A few other parents were scattered across the bleachers, watching their children hit under the lights, and a blocky woman I recognized from the ballpark kept peeking back at us. I looked away and saw Kevin swing and miss at a pitch. A couple of boys were standing outside the cage and teasing him, saying he should try a slower machine.
Connie moved over and motioned for me to sit down with her. “Please sit,” she said. “Sit before you fall.”
“God forbid.” I heard the sharp plink-ping of an aluminum bat. Kevin had corrected his swing, and his friends were clapping for him now. The green batting helmet was huge on his head, and he looked like an evil Martian. Finally I sat down.
“He could have died,” whispered Connie.
“But then I saved him,” I told her. “What came before all that was an accident.”
“That’s not really true,” she said.
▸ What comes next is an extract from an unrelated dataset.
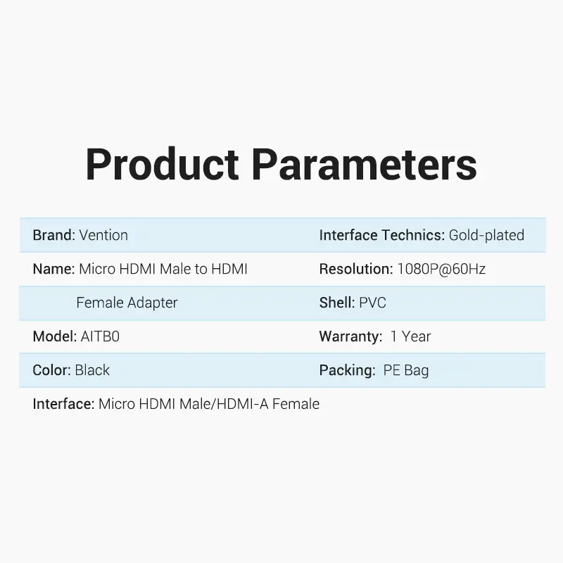 Đầu Chuyển Micro HDMI to HDMI 1080p VENTION AIT (1080p@60Hz, Male to Female)
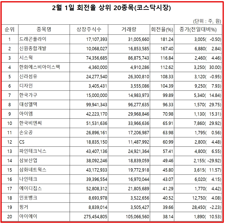 표기순서는 거래량 회전율 순위, 종목명, 거래량 회전율, 1일 종가, 주가 등락율 순이다.

We were both watching Kevin. He hit a line drive back to the pitching machine, and Connie clucked with approval. She couldn’t help herself. Her boy had his timing down.
“That’s really what you think?” I asked. “That I brought this on?”
She locked eyes with me. “Yeah, I guess that I do think that.”
“So that’s it?”
“Yes,” she said. “It’s gotta be.”
Connie started to say something more, but then instead she squeezed my knee and began to pick her way down the bleachers to retrieve Kevin from the batting cage. They left together in a hurry, and eventually all of the batting cages had emptied. For a long time I stayed there, alone on the top row, listening as car after car crunched out of the gravel parking lot and onto the blacktop highway. Simon honked his horn let’s go, but I wouldn’t leave. I sat there and I waited, and then finally some invisible hand shut off the lights.